> TASK OBJECTIVE
The material below has pictures in it. Set down only the lines from the line containing "Набор двусторонней цветной" through the line containing "- От источников", word for word, and leave the pictures behind.

[RECORD SET — start]

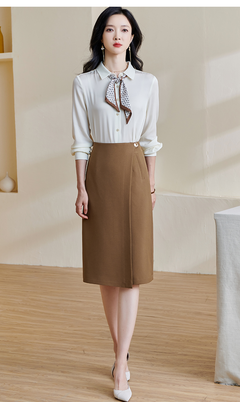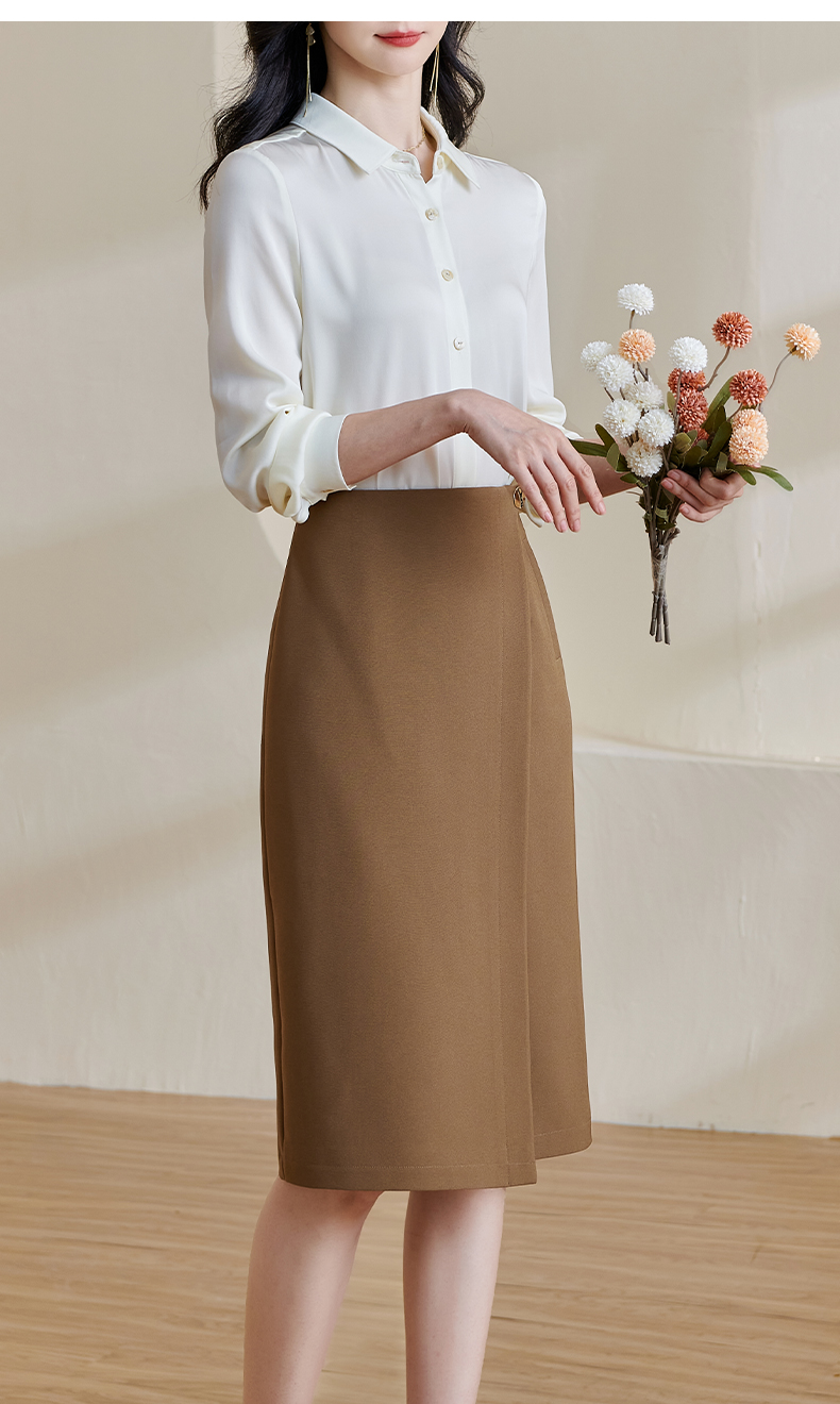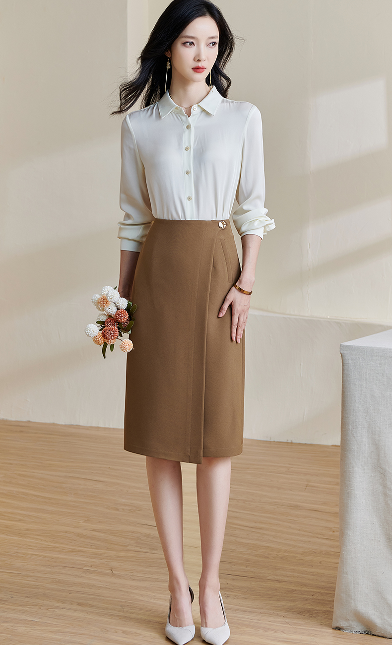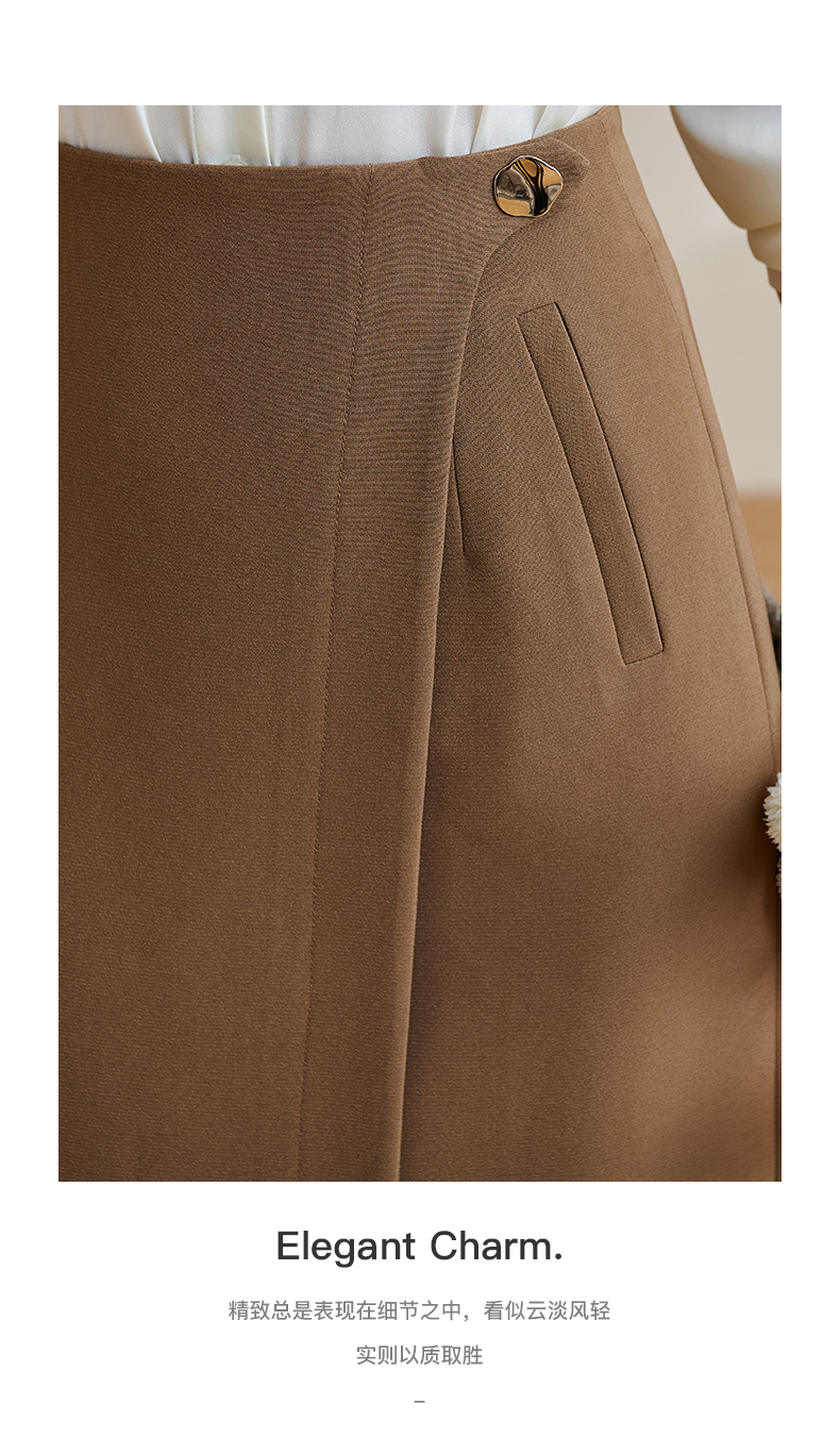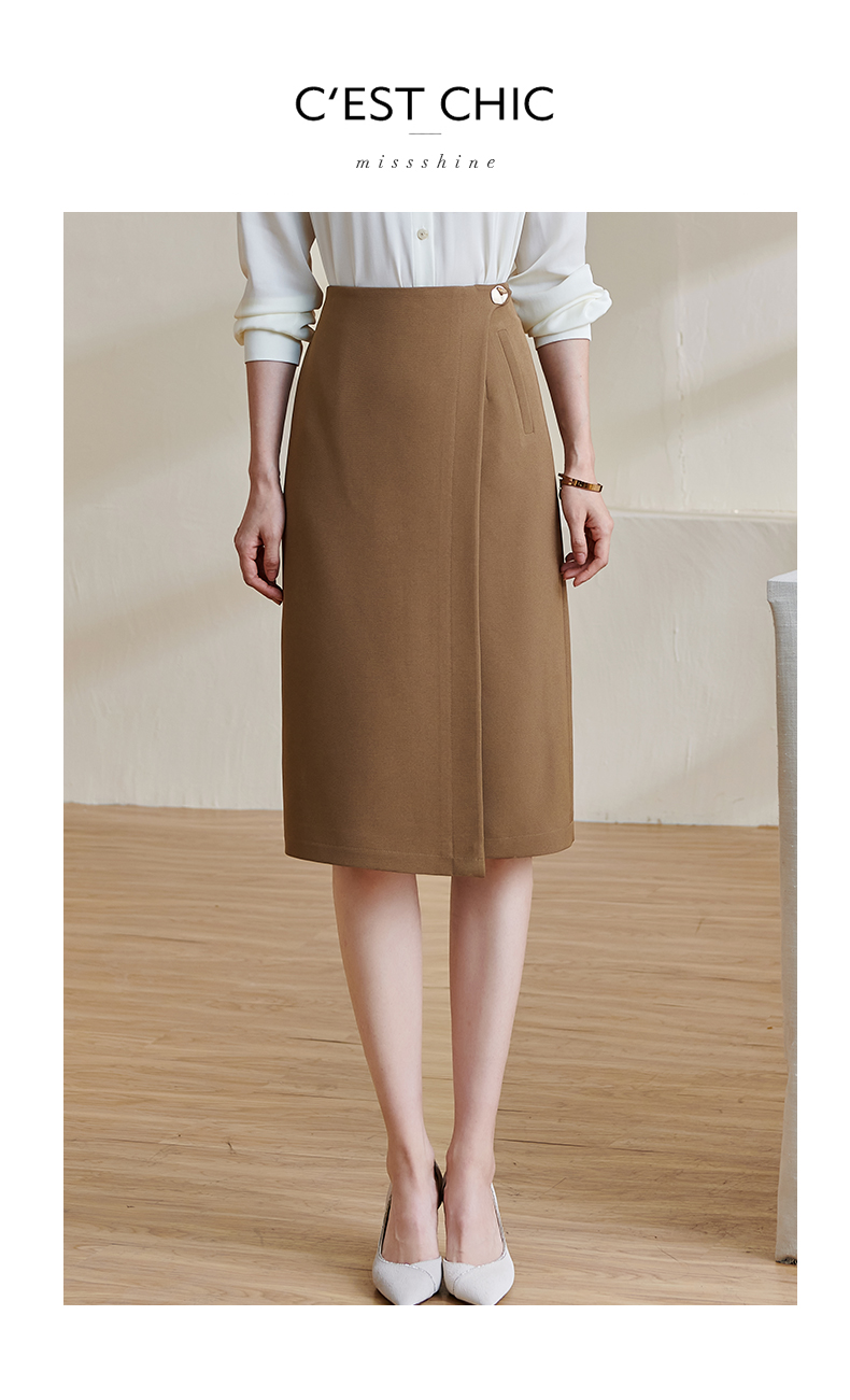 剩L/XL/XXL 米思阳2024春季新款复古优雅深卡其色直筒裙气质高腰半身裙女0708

[RECORD SET — finish]
[RECORD SET — start]

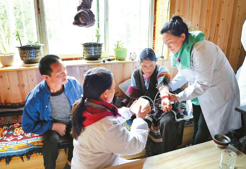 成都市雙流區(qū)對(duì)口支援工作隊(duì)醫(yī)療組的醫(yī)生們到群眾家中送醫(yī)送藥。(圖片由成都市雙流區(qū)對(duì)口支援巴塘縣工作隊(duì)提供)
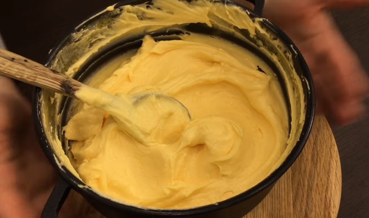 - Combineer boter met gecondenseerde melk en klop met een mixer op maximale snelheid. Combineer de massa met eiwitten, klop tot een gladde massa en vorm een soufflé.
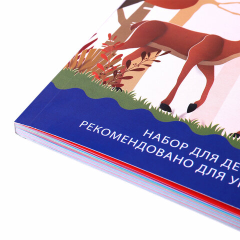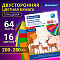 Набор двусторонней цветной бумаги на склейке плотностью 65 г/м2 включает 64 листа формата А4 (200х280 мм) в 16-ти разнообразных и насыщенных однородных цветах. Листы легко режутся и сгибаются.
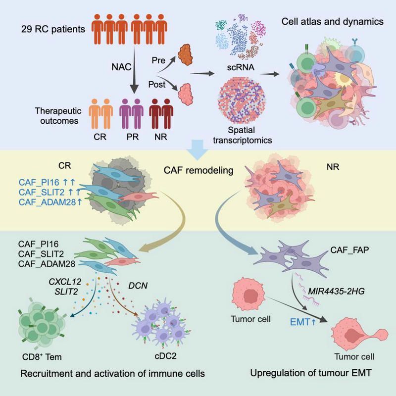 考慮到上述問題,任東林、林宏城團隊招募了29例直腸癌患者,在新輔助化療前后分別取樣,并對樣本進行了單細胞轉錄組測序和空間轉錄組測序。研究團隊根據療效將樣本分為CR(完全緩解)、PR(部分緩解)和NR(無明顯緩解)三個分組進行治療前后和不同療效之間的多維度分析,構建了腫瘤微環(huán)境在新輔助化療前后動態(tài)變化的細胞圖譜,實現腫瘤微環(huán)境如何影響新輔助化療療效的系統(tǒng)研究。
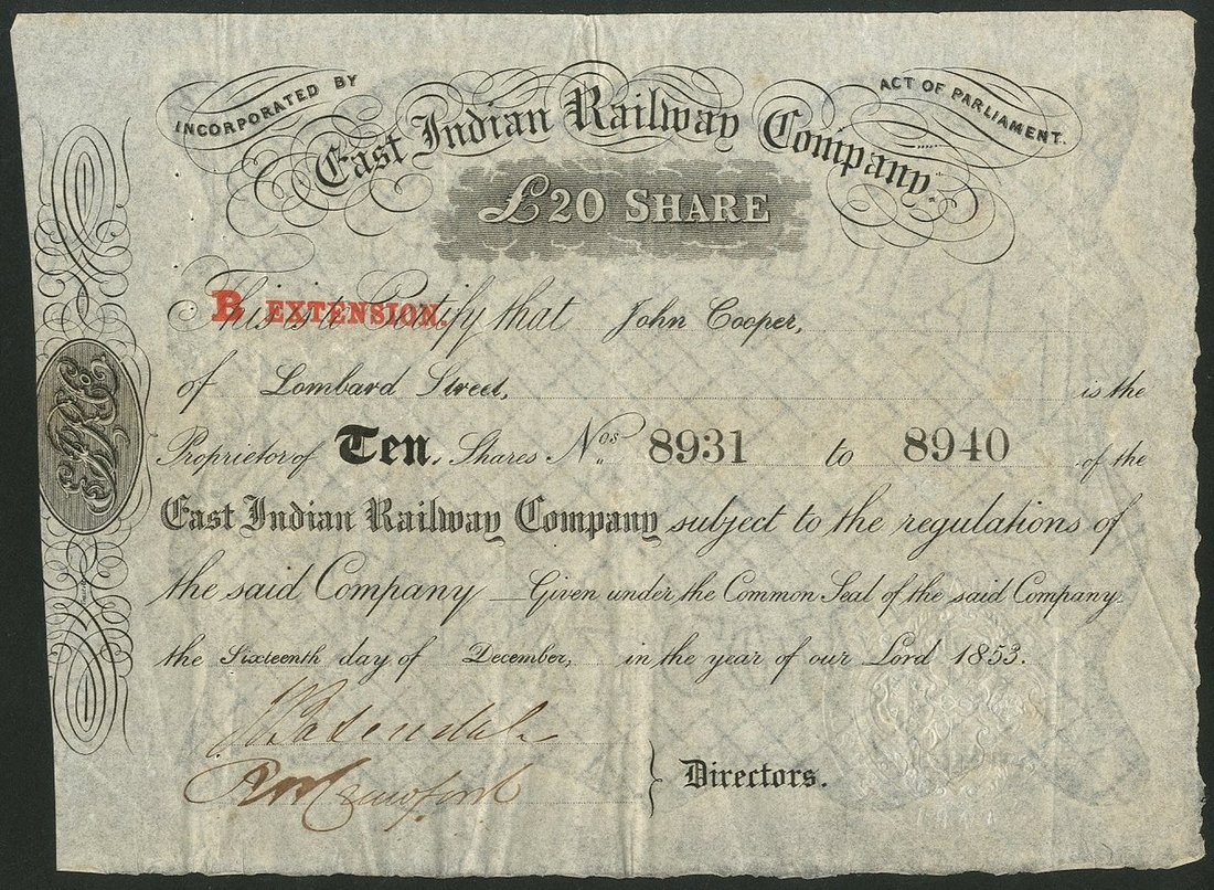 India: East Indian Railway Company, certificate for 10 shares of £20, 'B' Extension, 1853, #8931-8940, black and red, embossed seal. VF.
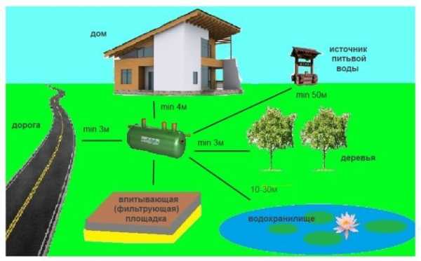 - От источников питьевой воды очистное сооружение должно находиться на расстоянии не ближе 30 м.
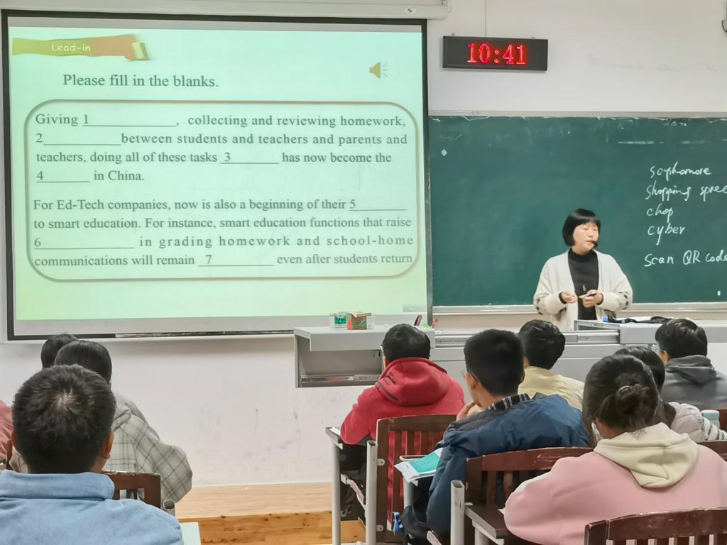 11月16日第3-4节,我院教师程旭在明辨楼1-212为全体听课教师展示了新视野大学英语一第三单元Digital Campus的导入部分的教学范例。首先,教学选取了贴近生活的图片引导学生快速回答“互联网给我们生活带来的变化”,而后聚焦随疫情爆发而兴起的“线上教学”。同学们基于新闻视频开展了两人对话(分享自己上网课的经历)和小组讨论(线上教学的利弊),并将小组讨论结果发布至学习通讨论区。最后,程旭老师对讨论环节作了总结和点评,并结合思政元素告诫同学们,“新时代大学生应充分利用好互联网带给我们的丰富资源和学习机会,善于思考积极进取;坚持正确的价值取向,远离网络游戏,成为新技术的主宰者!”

[RECORD SET — finish]
[RECORD SET — start]

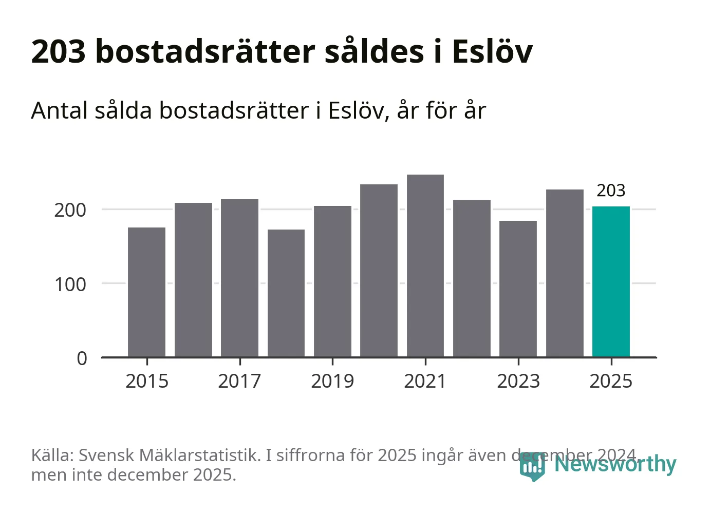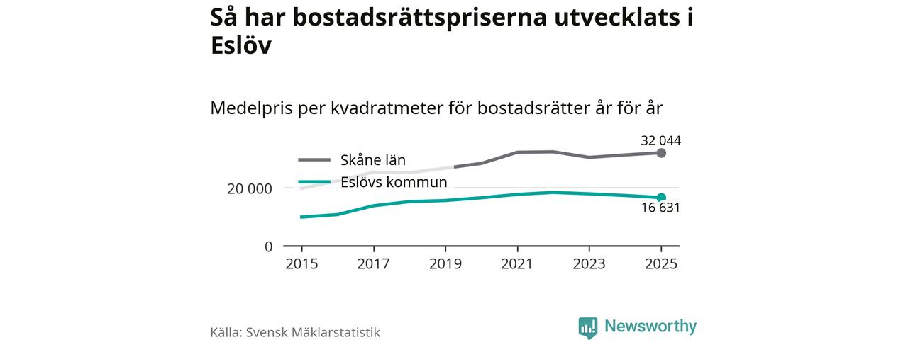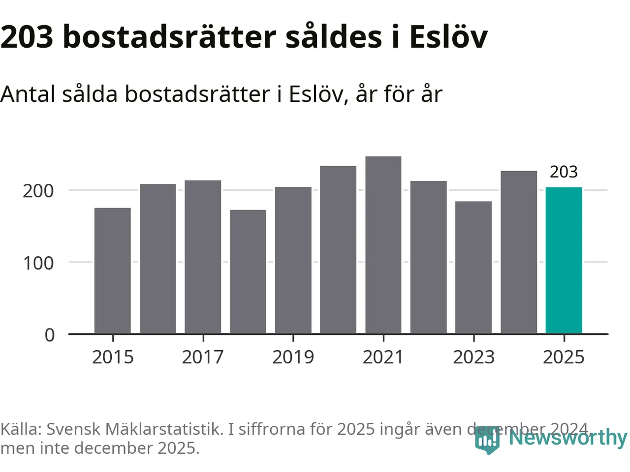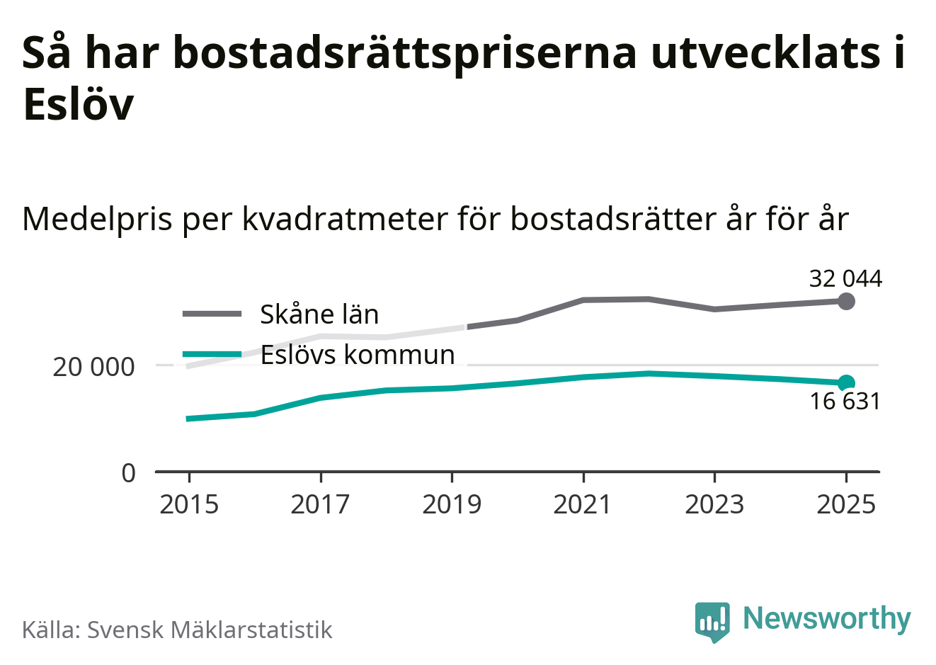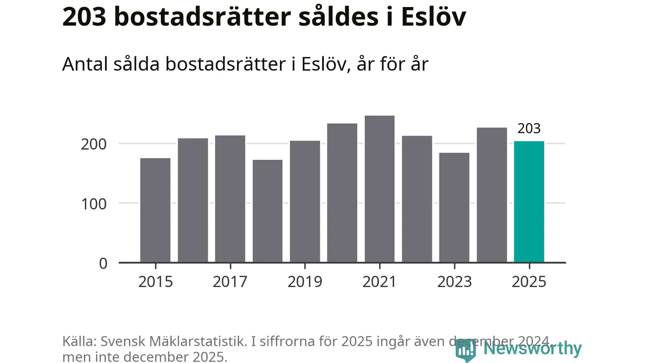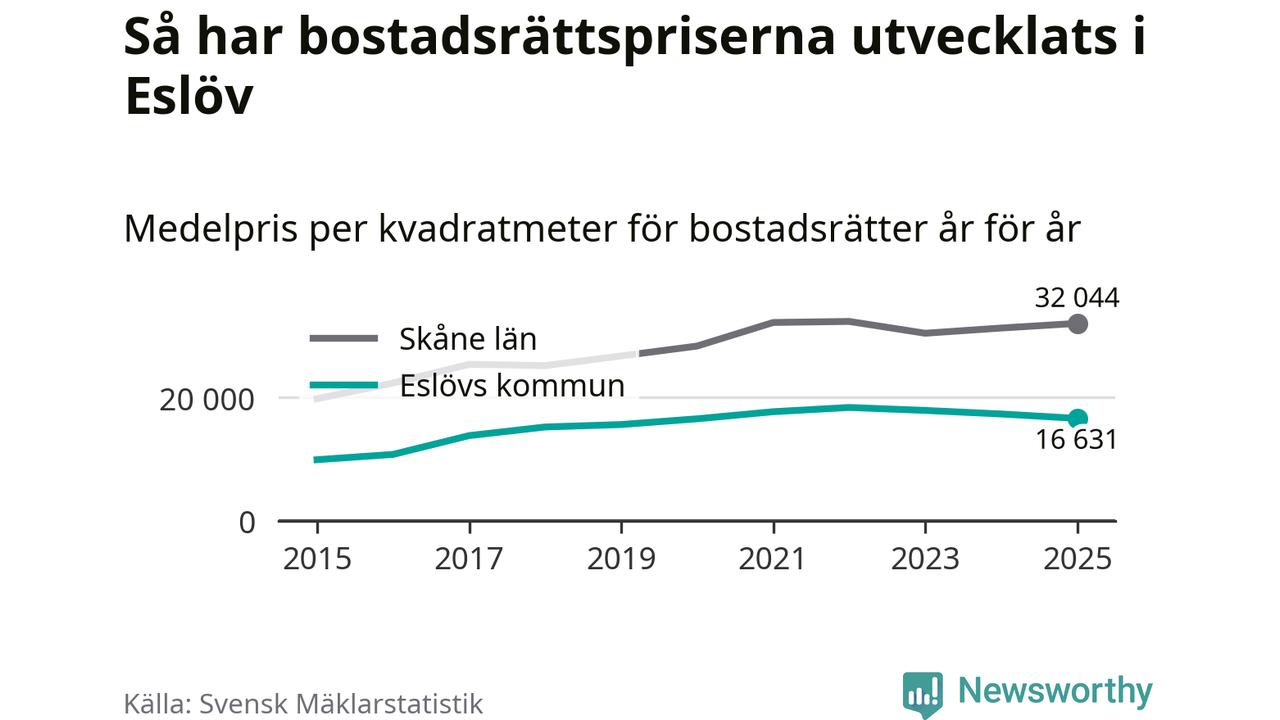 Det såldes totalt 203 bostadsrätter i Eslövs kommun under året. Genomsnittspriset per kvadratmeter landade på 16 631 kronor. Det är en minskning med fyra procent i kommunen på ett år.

[RECORD SET — finish]

> FINISHED TASK
 Набор двусторонней цветной бумаги на склейке плотностью 65 г/м2 включает 64 листа формата А4 (200х280 мм) в 16-ти разнообразных и насыщенных однородных цветах. Листы легко режутся и сгибаются.
 考慮到上述問題,任東林、林宏城團隊招募了29例直腸癌患者,在新輔助化療前后分別取樣,并對樣本進行了單細胞轉錄組測序和空間轉錄組測序。研究團隊根據療效將樣本分為CR(完全緩解)、PR(部分緩解)和NR(無明顯緩解)三個分組進行治療前后和不同療效之間的多維度分析,構建了腫瘤微環(huán)境在新輔助化療前后動態(tài)變化的細胞圖譜,實現腫瘤微環(huán)境如何影響新輔助化療療效的系統(tǒng)研究。
 India: East Indian Railway Company, certificate for 10 shares of £20, 'B' Extension, 1853, #8931-8940, black and red, embossed seal. VF.
 - От источников питьевой воды очистное сооружение должно находиться на расстоянии не ближе 30 м.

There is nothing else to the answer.